### BRIEF
Your copy starts at the line containing "Meddela er förlovning" and ends at the last line below. Copy exactly, without pictures.

[Items listed in a dataset]

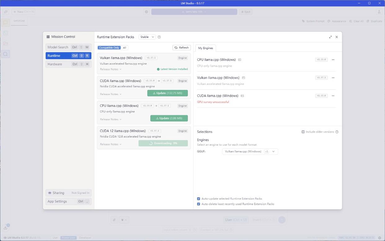 另外,借助兼容的驱动,LM Studio 可设置为CUDA 12.8 运行时,从而借助RTX 50系显卡的性能,显著缩短模型加载时间并提高整体性能。
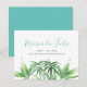 Meddela er förlovning med dessa tropiska "Save the Date"-kort på spanska, perfekta för bröllopsmaterial med en kustnära touch! Med en trendig handritad typsnittsstil fångar dessa inbjudningar essensen av ett destinationbröllop med en kopia av mina ursprungliga akvarellpalmlövar. Anpassa med era namn, bröllopsdatum och plats för en enkel, minimalistisk look som är idealisk för tropiska brölloppsidéer. Perfekta för strandbröllop på platser som Mexiko, Cabo San Lucas, Riviera Maya eller Florida Keys, varje kort har en turkos blå baksida. Upptäck fler tropiska mönster och bröllopsmaterial av Victoria Grigaliunas på DoTellABelle på Zazzle.
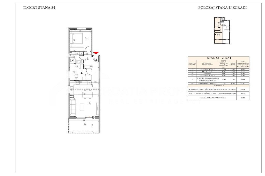 Currently under construction, for sale is a sea and city view apartment Makarska. The apartment is placed on the second floor of a smaller building. The building is in a very quiet location in the west of Makarska. It has an area of 65.88 square meters. There is a hallway, a bathroom, 2 bedrooms, a kitchen with a large living room. Exactly the kitchen and the living area offer access to a covered terrace with a gorgeous view of the city and the sea.
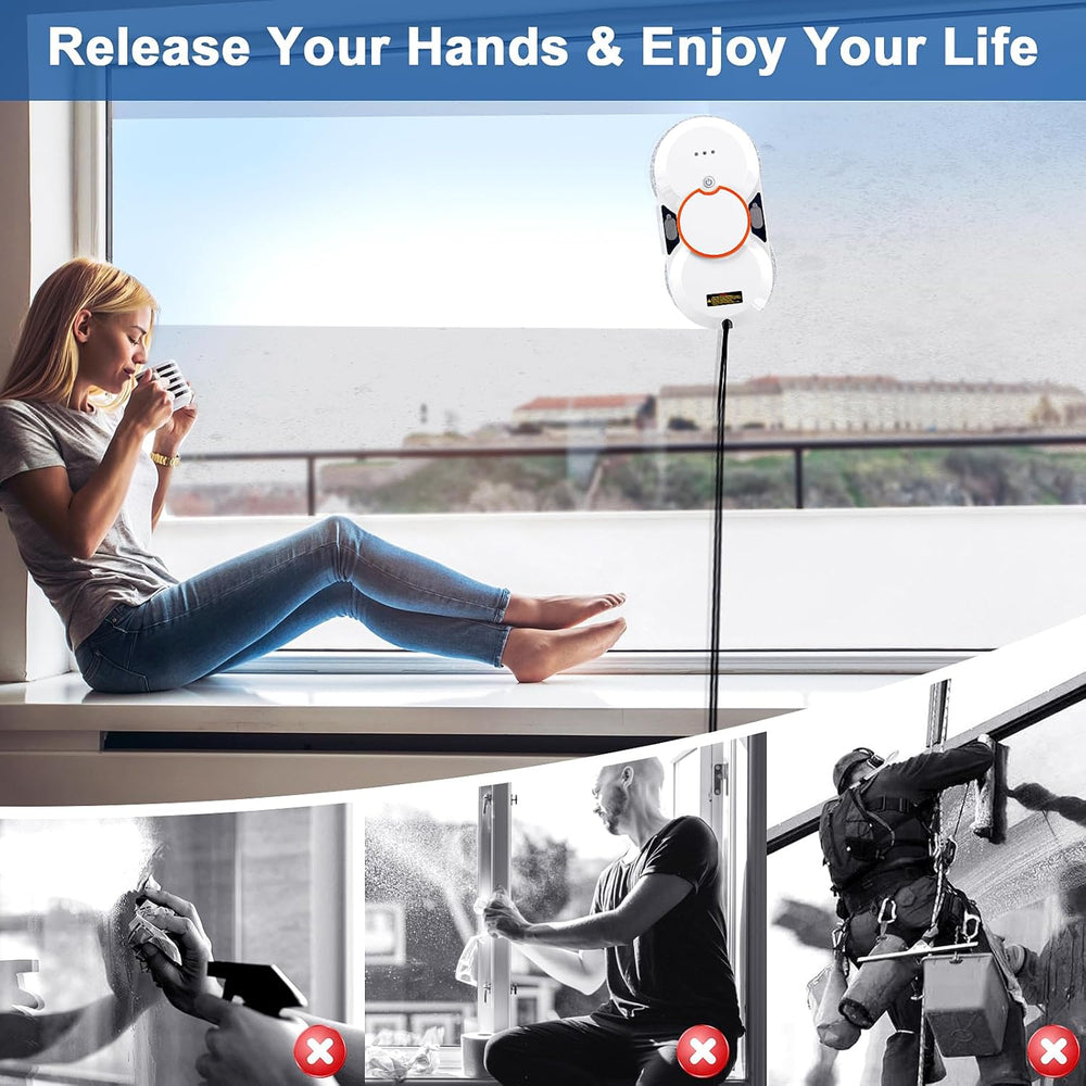- 🛡️【Höchste Sicherheitsstandards】: Unser fensterreiniger roboter wurde unter Berücksichtigung der Ergonomie entwickelt und kann mühelos mit nur einer Hand bedient werden. Selbst bei Stromausfall bleibt er dank des integrierten Akkus für 20-25
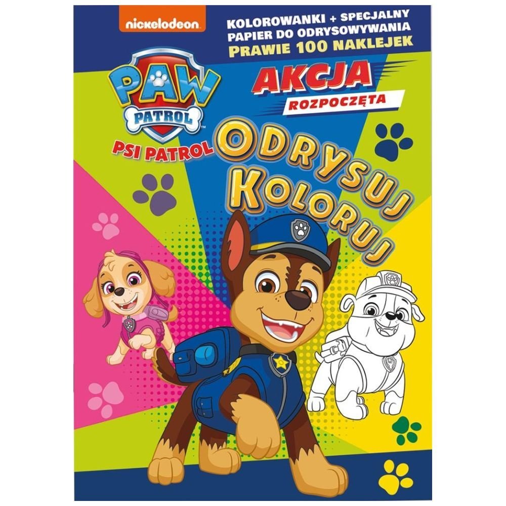 Książka Psi Patrol. Odrysuj koloruj to idealna propozycja dla fanów dzielnej ekipy. Publikacja zawiera kolorowanki oraz półtransparentne strony do odrysowywania. Pomagają one ćwiczyć koncentrację uwagi, precyzję ruchów oraz sprawność manualną. Kreatywna zabawa i nauka w jednym! W środku na małego czytelnika czeka również arkusz kolorowych naklejek!
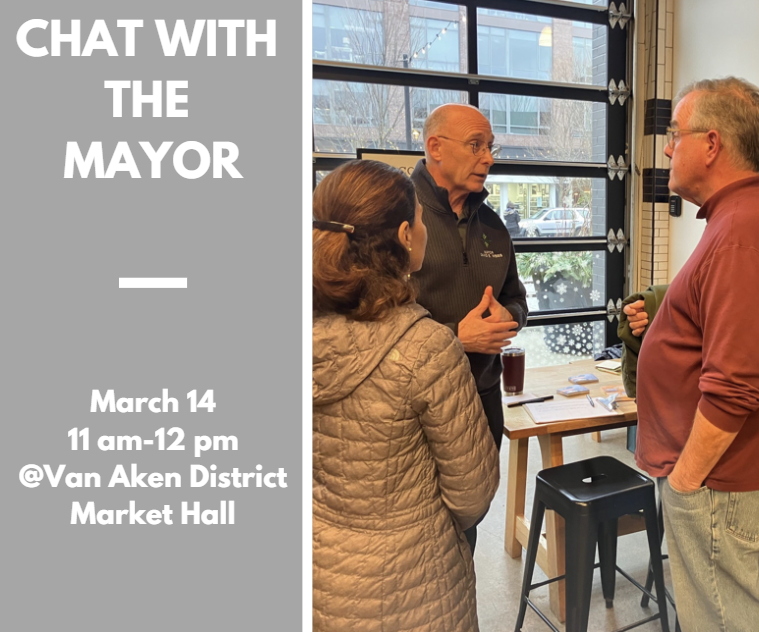 Got a question for Mayor Weiss? On Saturday, March 14, 11 am-12 pm stop by The Van Aken District Market Hall to discuss neighborhood concerns, current City projects, or anything else on your mind.

### REPLY
 Meddela er förlovning med dessa tropiska "Save the Date"-kort på spanska, perfekta för bröllopsmaterial med en kustnära touch! Med en trendig handritad typsnittsstil fångar dessa inbjudningar essensen av ett destinationbröllop med en kopia av mina ursprungliga akvarellpalmlövar. Anpassa med era namn, bröllopsdatum och plats för en enkel, minimalistisk look som är idealisk för tropiska brölloppsidéer. Perfekta för strandbröllop på platser som Mexiko, Cabo San Lucas, Riviera Maya eller Florida Keys, varje kort har en turkos blå baksida. Upptäck fler tropiska mönster och bröllopsmaterial av Victoria Grigaliunas på DoTellABelle på Zazzle.
 Currently under construction, for sale is a sea and city view apartment Makarska. The apartment is placed on the second floor of a smaller building. The building is in a very quiet location in the west of Makarska. It has an area of 65.88 square meters. There is a hallway, a bathroom, 2 bedrooms, a kitchen with a large living room. Exactly the kitchen and the living area offer access to a covered terrace with a gorgeous view of the city and the sea.
- 🛡️【Höchste Sicherheitsstandards】: Unser fensterreiniger roboter wurde unter Berücksichtigung der Ergonomie entwickelt und kann mühelos mit nur einer Hand bedient werden. Selbst bei Stromausfall bleibt er dank des integrierten Akkus für 20-25
 Książka Psi Patrol. Odrysuj koloruj to idealna propozycja dla fanów dzielnej ekipy. Publikacja zawiera kolorowanki oraz półtransparentne strony do odrysowywania. Pomagają one ćwiczyć koncentrację uwagi, precyzję ruchów oraz sprawność manualną. Kreatywna zabawa i nauka w jednym! W środku na małego czytelnika czeka również arkusz kolorowych naklejek!
 Got a question for Mayor Weiss? On Saturday, March 14, 11 am-12 pm stop by The Van Aken District Market Hall to discuss neighborhood concerns, current City projects, or anything else on your mind.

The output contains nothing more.